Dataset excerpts
- - - - -

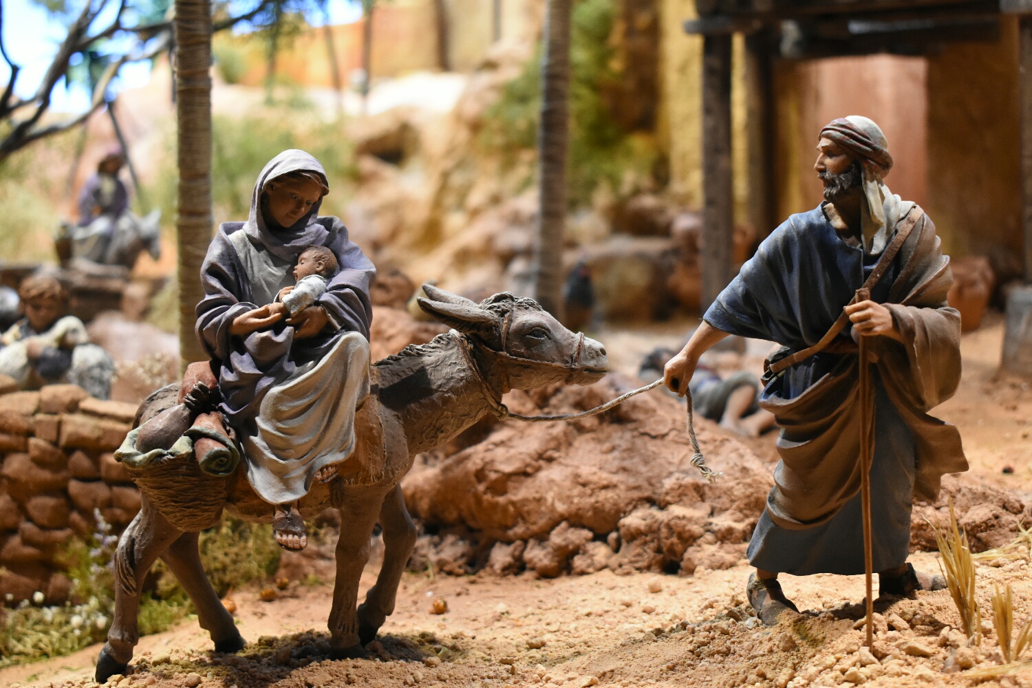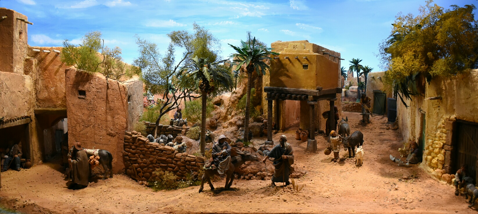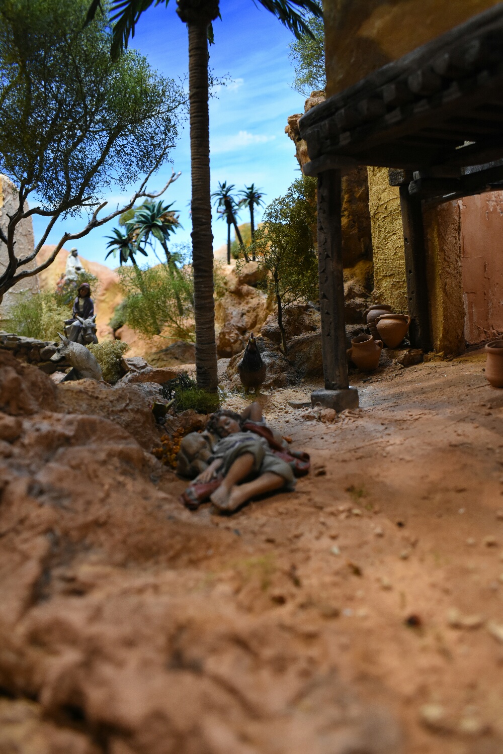 La vegetación es una mezcla de materiales naturales y sintéticos. Las naturales consisten en ramas secas para los troncos y para las copas una planta tratada que se llama teloxys aristata la cual pinto con distintos sprays, verdes y naranjas. Las palmeras de proximidad son cañas, para el tronco, que se cubren con hilo de bramante finito (el de cocinar) y se pintan, la parte alta del tronco con escamas de piñas secas y los penachos de hojas, bien con cartulina o bien con cinta de carrocero pintadas con acrílicos. Las palmeras de fondo son las típicas de plástico.
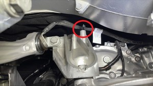 - 拆卸将左后震动软管固定到左后下方控制臂的螺栓,然后将震动软管从控制臂上分离。
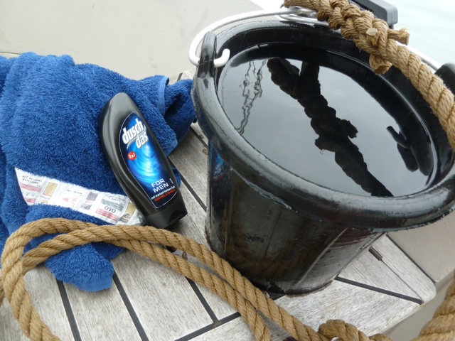 Nach durchsegelter Nacht hilft die sehr kühle Dusche.
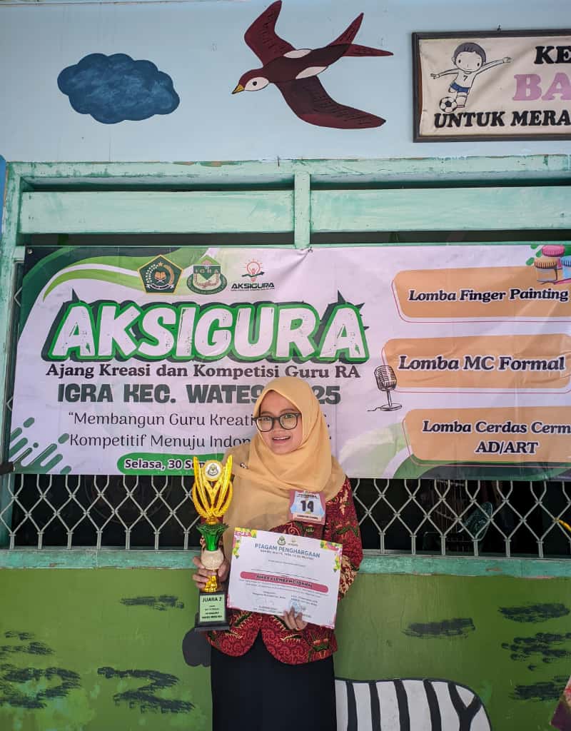 Wates, 30 September 2025 – Prestasi membanggakan diraih oleh Bunda Naifah Fathimah Az-Zahro (Bunda Imaz) seorang guru RA yang berhasil meraih Juara 2 dalam kategori Lomba MC Formal pada kegiatan AKSIGURA (Ajang Kreasi dan Kompetisi Guru RA) tingkat Kecamatan Wates.
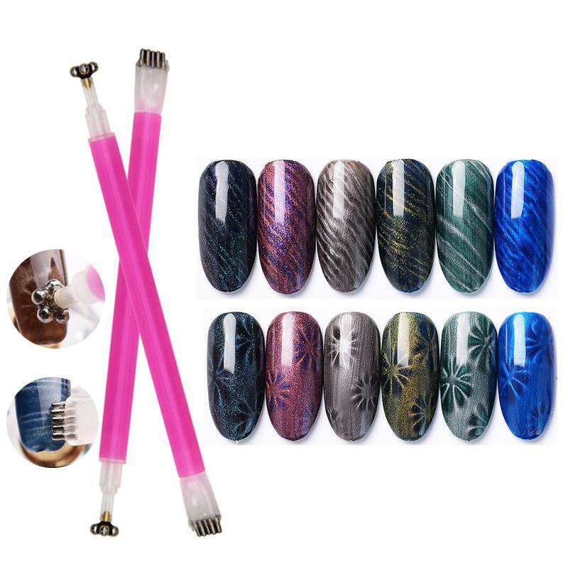 В продаже имеются магнитные ручки с разными насечками, что позволяет создавать разнообразные рисунки на ногтях
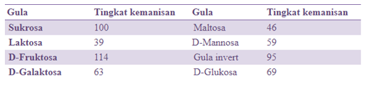 Derajat kemanisan gula secara berurutan mulai dari yang paling manis adalah…
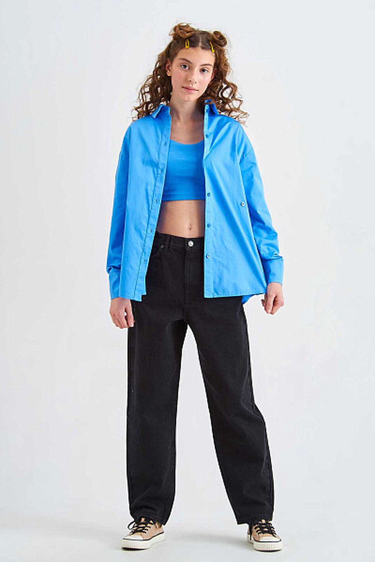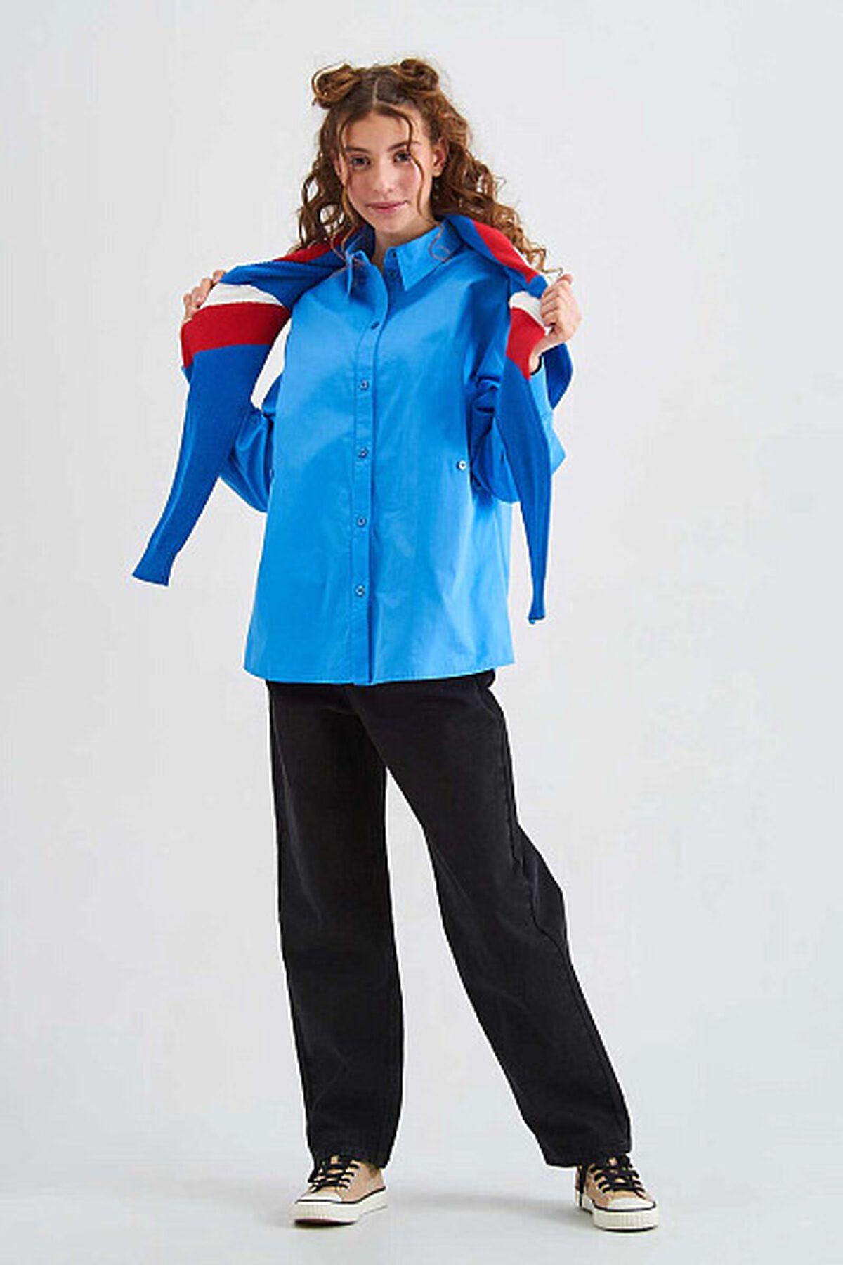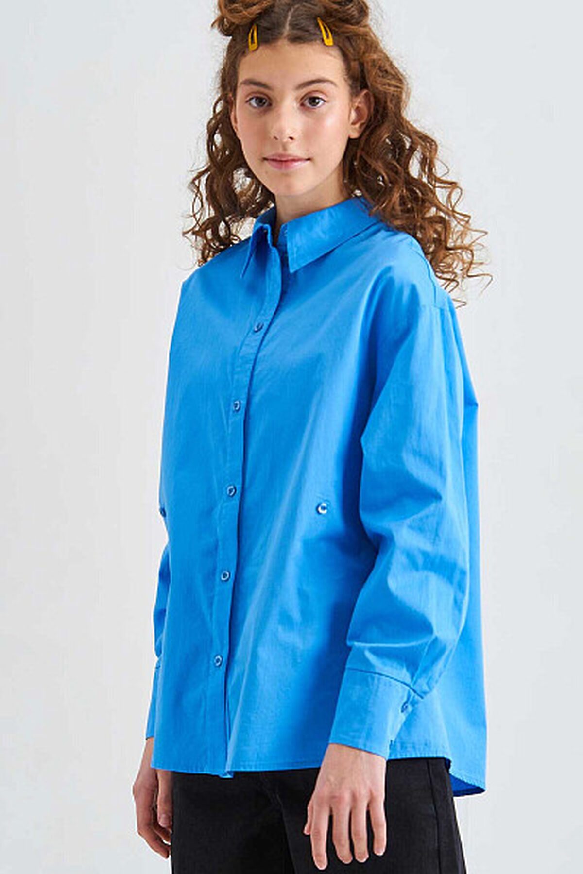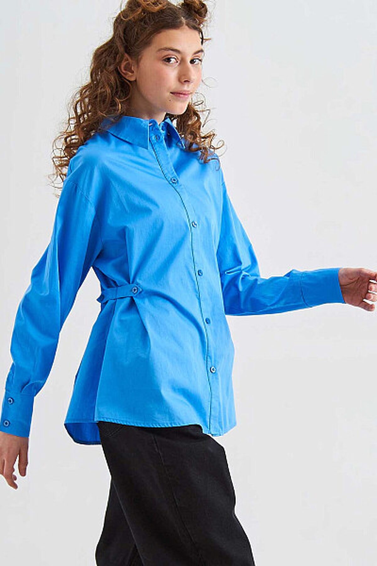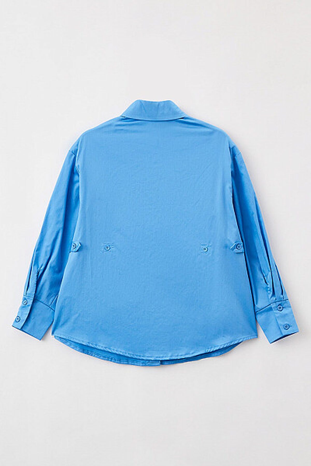 Блузка из хлопчатобумажной ткани с отложным воротником, рукав с удлиненной манжетой , фигурный низ.Стильная модель с разными вариантами ношения, по бокам есть возможность регулировки по ширине изделия, что позволяет менять внешний вид блузки: сделать ее приталенной либо оверсайз.
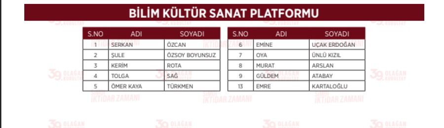 Bilim Kültür Sanat Platformu için ise anahtar listede; Serkan Özcan, Şule Özsoy Boyunsuz, Kerim Rota, Tolga Sağ, Ömer Kaya Türkmen, Emine Uçak Erdoğan, Oya Ünlü Kızıl, Murat Arslan, Güldem Atabay ve Emre Kartaloğlu yer aldı.
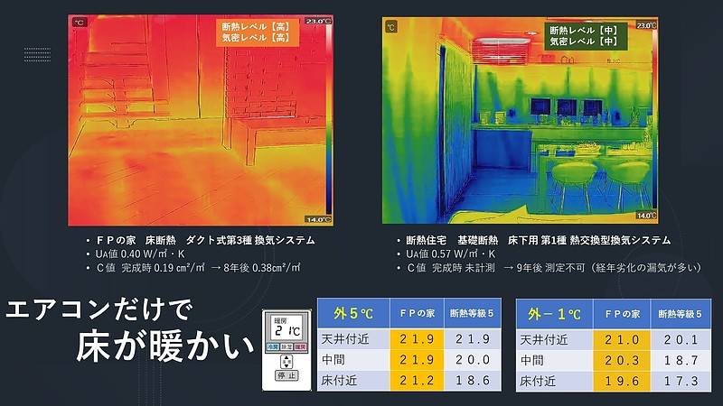 上の赤外線写真を見てください。これが庄内地方によくある「冬に寒い家」の現実です。 暖房で温めた熱が、窓や壁からどんどん外に逃げ、あなたは「外を温めるために高い電気代を払っている」状態かもしれません。
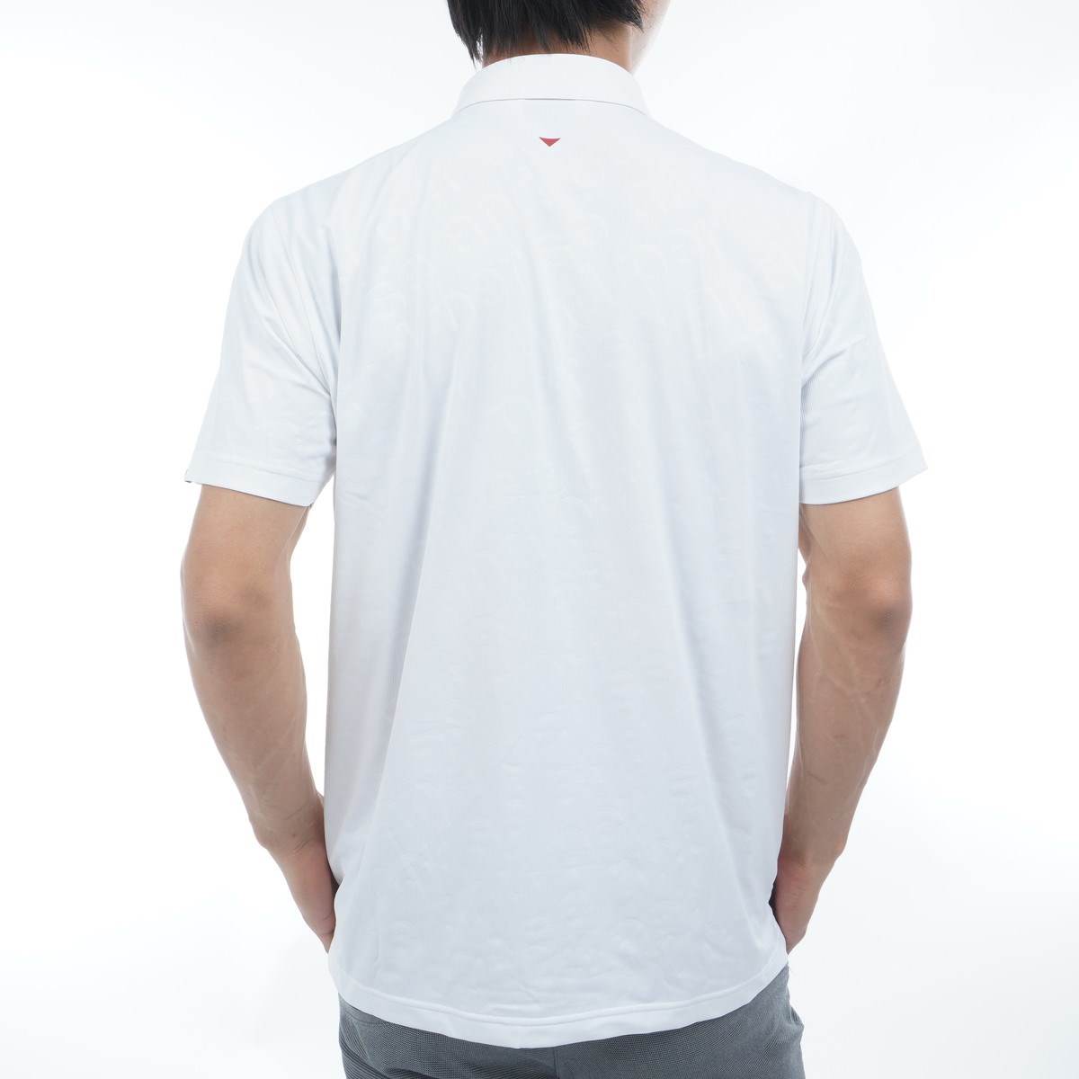 ブランドロゴ柄を地柄で表現した凹凸素材半袖ポロシャツ。

- - - - -

### DIRECTIONS
Using the data above, retype exactly the lines from the line with "Wates, 30 September" to the line with "Bilim Kültür Sanat", inclusive. No pictures and nothing else.

### RESPONSE TO THIS TASK
 Wates, 30 September 2025 – Prestasi membanggakan diraih oleh Bunda Naifah Fathimah Az-Zahro (Bunda Imaz) seorang guru RA yang berhasil meraih Juara 2 dalam kategori Lomba MC Formal pada kegiatan AKSIGURA (Ajang Kreasi dan Kompetisi Guru RA) tingkat Kecamatan Wates.
 В продаже имеются магнитные ручки с разными насечками, что позволяет создавать разнообразные рисунки на ногтях
 Derajat kemanisan gula secara berurutan mulai dari yang paling manis adalah…
 Блузка из хлопчатобумажной ткани с отложным воротником, рукав с удлиненной манжетой , фигурный низ.Стильная модель с разными вариантами ношения, по бокам есть возможность регулировки по ширине изделия, что позволяет менять внешний вид блузки: сделать ее приталенной либо оверсайз.
 Bilim Kültür Sanat Platformu için ise anahtar listede; Serkan Özcan, Şule Özsoy Boyunsuz, Kerim Rota, Tolga Sağ, Ömer Kaya Türkmen, Emine Uçak Erdoğan, Oya Ünlü Kızıl, Murat Arslan, Güldem Atabay ve Emre Kartaloğlu yer aldı.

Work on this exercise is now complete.